The FASB’s standards are recognized as authoritative by many other organizations, including state Boards of Accountancy and the American Institute of CPAs (AICPA). The FASB develops and issues standards through a process that includes exposure of proposed standards to public comment.

The Board is composed of seven full-time members, who are required to sever all ties with the firms or institutions they served before joining the FASB. This requirement is intended to ensure the impartiality and independence of the Board.

The FASB is part of a structure that is independent of all other business and professional organizations. This structure also includes the Financial Accounting Foundation (FAF) and the Financial Accounting Standards Advisory Council (FASAC). The FAF is responsible for overseeing, funding, and selecting the members of the FASB. The FASAC advises the FASB on strategic issues, project priorities, and other matters that affect standard setting.

Example of the Financial Accounting Standards Board

Let’s look at an example of how the Financial Accounting Standards Board (FASB) impacts financial reporting.

One of the significant changes issued by the FASB is the update to the revenue recognition standard, ASC 606 – Revenue from Contracts with Customers. This standard was issued in May 2014, and it changed the way companies recognize revenue from customer contracts.

Before this standard was introduced, there were various different models for recognizing revenue, which sometimes led to inconsistent reporting among companies. The goal of the new standard was to streamline the process of revenue recognition and make it consistent across industries.

Under ASC 606, companies follow a five-step model to recognize revenue:

  • Identify the contract with a customer.
  • Identify the performance obligations in the contract.
  • Determine the transaction price.
  • Allocate the transaction price to the performance obligations in the contract.
  • Recognize revenue when (or as) the company satisfies a performance obligation.
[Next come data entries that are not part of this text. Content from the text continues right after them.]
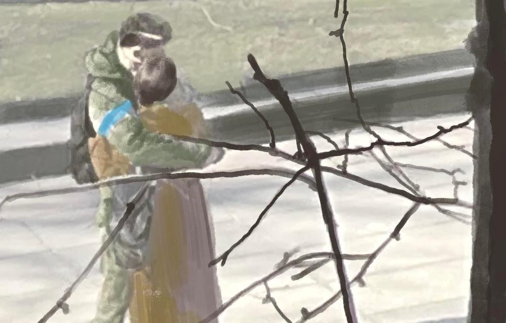 Олена Фещук намалювала закохану пару, яку побачила з балкону.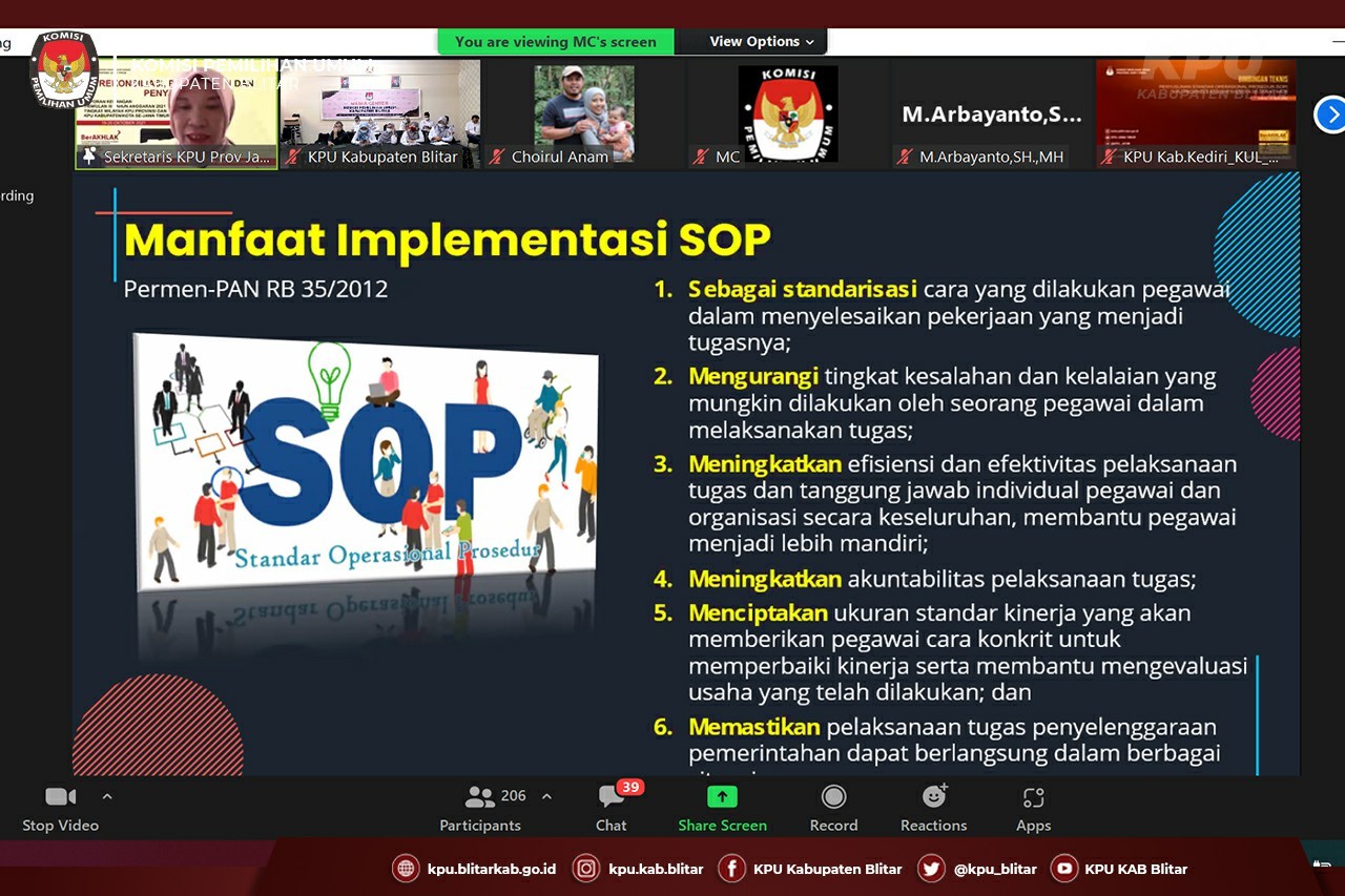 Blitar, kab-blitar.kpu.go.id - KPU Kabupaten Blitar mengikuti kegiatan Bimbingan Teknis Penyusunan Standar Operasional Prosedur (SOP) yang diselenggarakan oleh KPU Provinsi Jawa Timur, Kamis (14/4). Kegiatan Bimtek tersebut diikuti oleh KPU Kabupaten / Kota se Jawa Timur. Dari KPU Kabupaten Blitar dihadiri oleh Ketua KPU, Hadi Santosa, beserta seluruh anggota, serta ASN di lingkungan sekretariat KPU Kabupaten Blitar.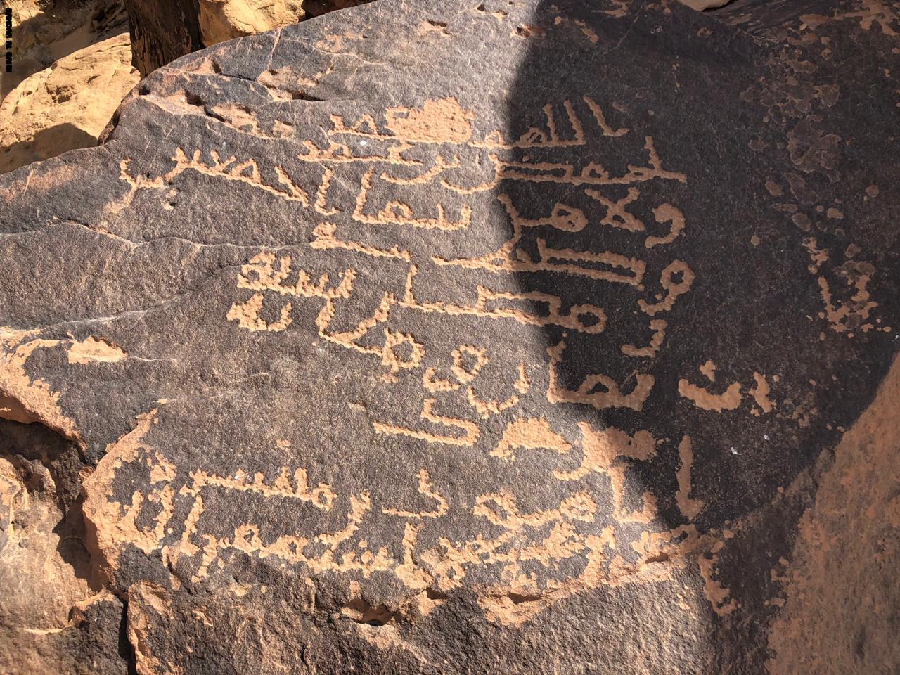 وأشار الشمري إلى أن النقش تواجد على طرق القوافل القديمة، وأنه مكتوب بالخط العربي غير المنقط، أو ما يسمى بـ"الخط الإسلامي المبكر".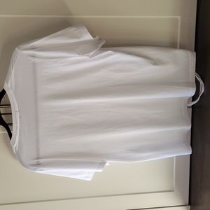 Elegant white tee with a deep V-neck. Features ruched front detail. Perfect for casual wear. Fits slightly oversized and could work for a medium as well.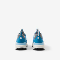 PRODUCT DETAILS A chunky sneaker panelled in leather, suede and a seasonal take on Burberry Check. Highlighted with our logo and embroidered Thomas Burberry Monogram, the design is set on an accentuated, curved sole. Upper: 34% polyester, 29% leather, 21% calf suede, 14% calf leather, 2% polyurethane Trim: 45% polyester, 30% polyurethane, 25% polyamide Lining: 85% polyester, 8% goat suede, 7% sheep leather Sole: 100% rubber Lace-up closure Printed Burberry lettering at side Made in Italy Item 80668351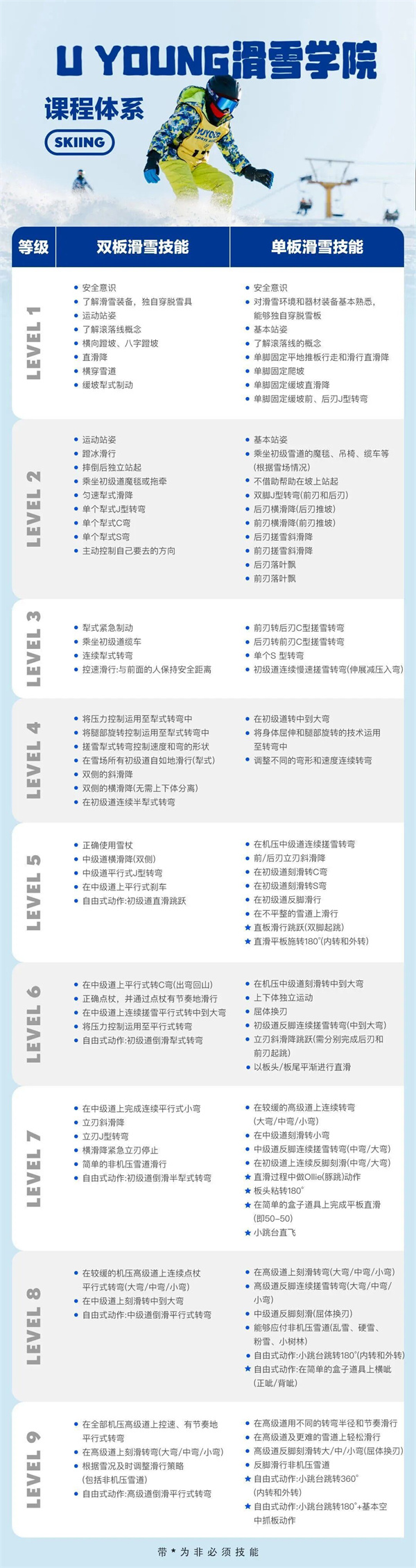 在UYoung滑雪学院教学体系中,学院依据中国滑雪协会滑雪体系,将滑雪划分为1-9个等级。

Let’s consider a simple example:

A software company, TechSoft Inc., enters into a contract with a customer to provide a software license and one year of customer support for a total price of $1200. In this case, TechSoft would identify two separate performance obligations: providing the software license and providing customer support.

If TechSoft estimates the standalone selling price of the software license as $1000 and the customer support as $300, it will allocate the transaction price ($1200) between the two performance obligations based on their relative standalone selling prices.

This results in $857 allocated to the software license ([$1000/$1300] x $1200) and $343 to the customer support ([$300/$1300] x $1200). TechSoft would recognize the $857 as revenue immediately upon transferring the software license to the customer, while the $343 would be recognized as revenue evenly over the year of providing customer support.

This is a simplified example, and actual situations could be much more complex, but it shows how FASB’s standards guide the process of financial reporting.